# [ACTION ITEM]
What you return must be the lines from the first one below through the one containing "This is about", exactly and with pictures excluded.

[Collected data entries]
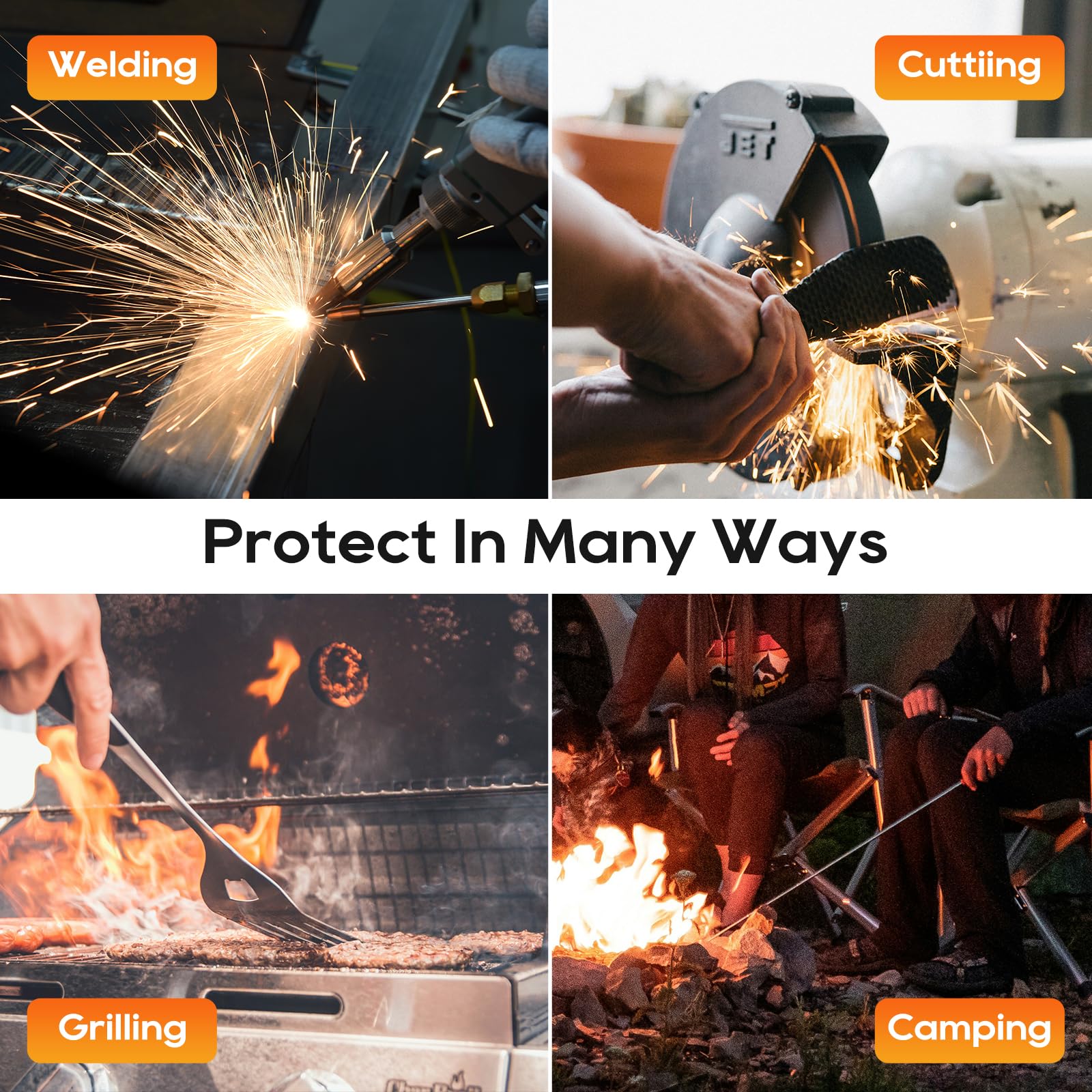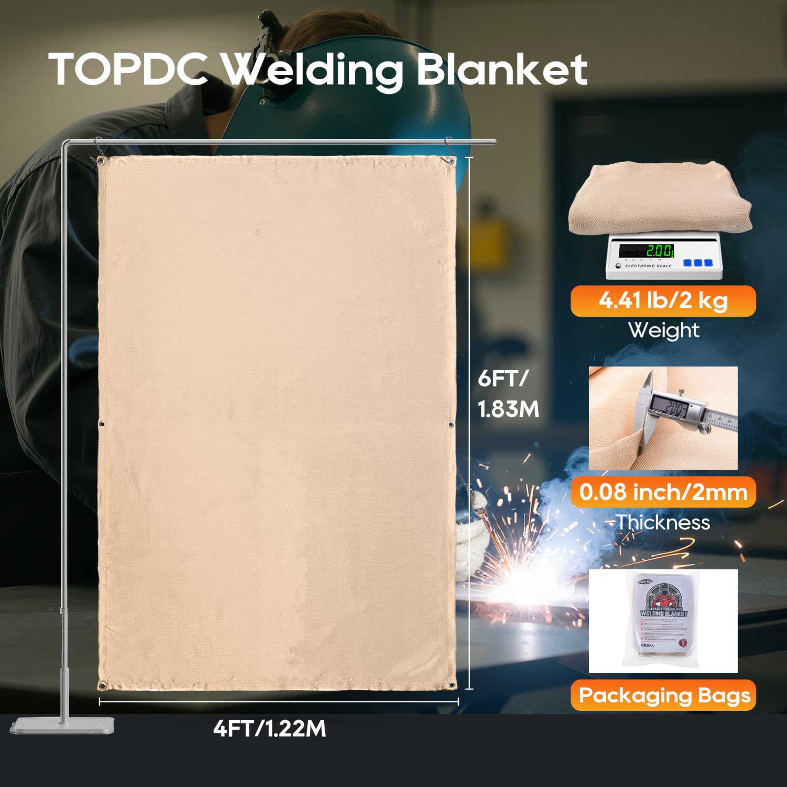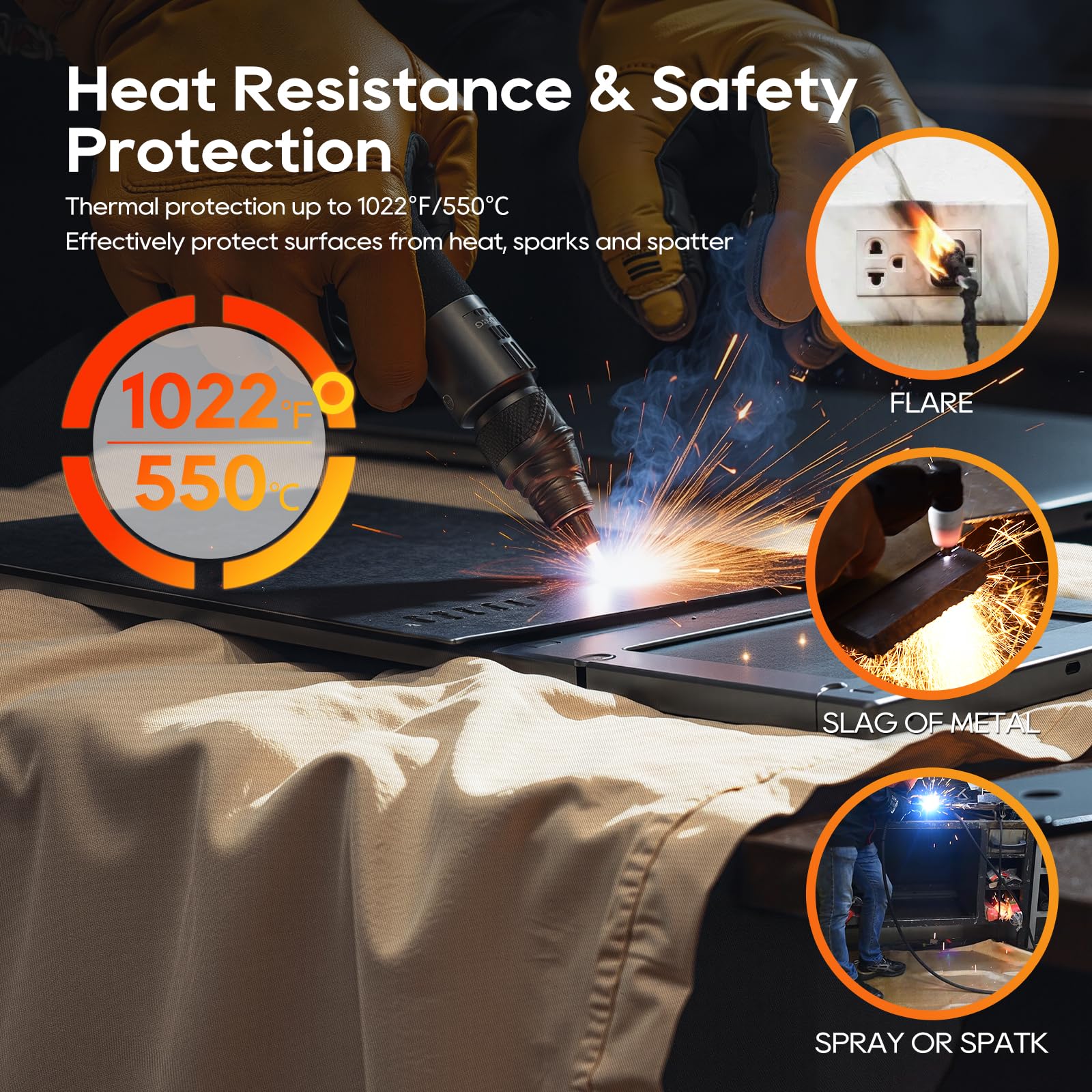 Superior Heat Resistance & Spark Protection: Crafted from high-quality 24.7 oz/yd² fiberglass fabric, TOPDC welding blanket offers exceptional thermal insulation and high-temperature resistance, enduring temperatures up to 1,022℉ (550℃). It effectively shields welders, property, and equipment from intense heat, embers, sparks, and splatters, ensuring a safe welding environment
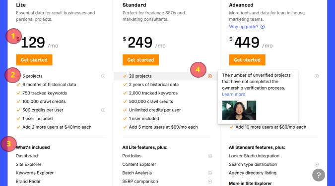 This is about as comprehensive of a SaaS pricing page as you are likely to see. You can answer almost any question you have about what a feature is, whether it’s included, and what the key limits are. Ahrefs makes it very easy to learn more and answer your own questions.
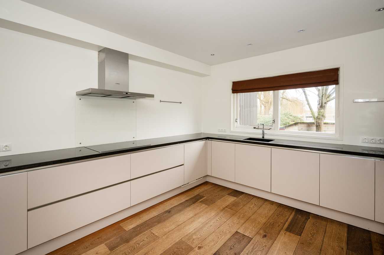 Bij binnenkomst betreedt u de entree met een hal die toegang biedt tot de meterkast, een garderobe, een separaat toilet met fonteintje, en de trap naar de eerste verdieping. Vanuit de hal komt u in de ruime, lichte woonkamer met open keuken. De luxe inbouwkeuken is volledig uitgerust en beschikt over een combi-oven, een ingebouwde koffiemachine, een vaatwasser, twee koelkasten, een inductiekookplaat en een afzuigkap. Via de openslaande deuren in de woonkamer heeft u toegang tot de royale achtertuin. De gehele begane grond is afgewerkt met een sfeervolle houten vloer.
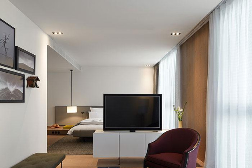 - 50 м2. Состоит из спальни с кроватью king-size, гостиной зоны с диваном, ванной комнаты с ванной и ливневым душем.
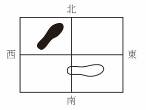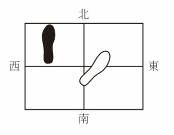 3.上半身保持不变,左脚向正北直线荡出一步,左脚跟点地,重心仍然在右脚,左脚成虚脚。

# [ANSWER BELOW]
 Superior Heat Resistance & Spark Protection: Crafted from high-quality 24.7 oz/yd² fiberglass fabric, TOPDC welding blanket offers exceptional thermal insulation and high-temperature resistance, enduring temperatures up to 1,022℉ (550℃). It effectively shields welders, property, and equipment from intense heat, embers, sparks, and splatters, ensuring a safe welding environment
 This is about as comprehensive of a SaaS pricing page as you are likely to see. You can answer almost any question you have about what a feature is, whether it’s included, and what the key limits are. Ahrefs makes it very easy to learn more and answer your own questions.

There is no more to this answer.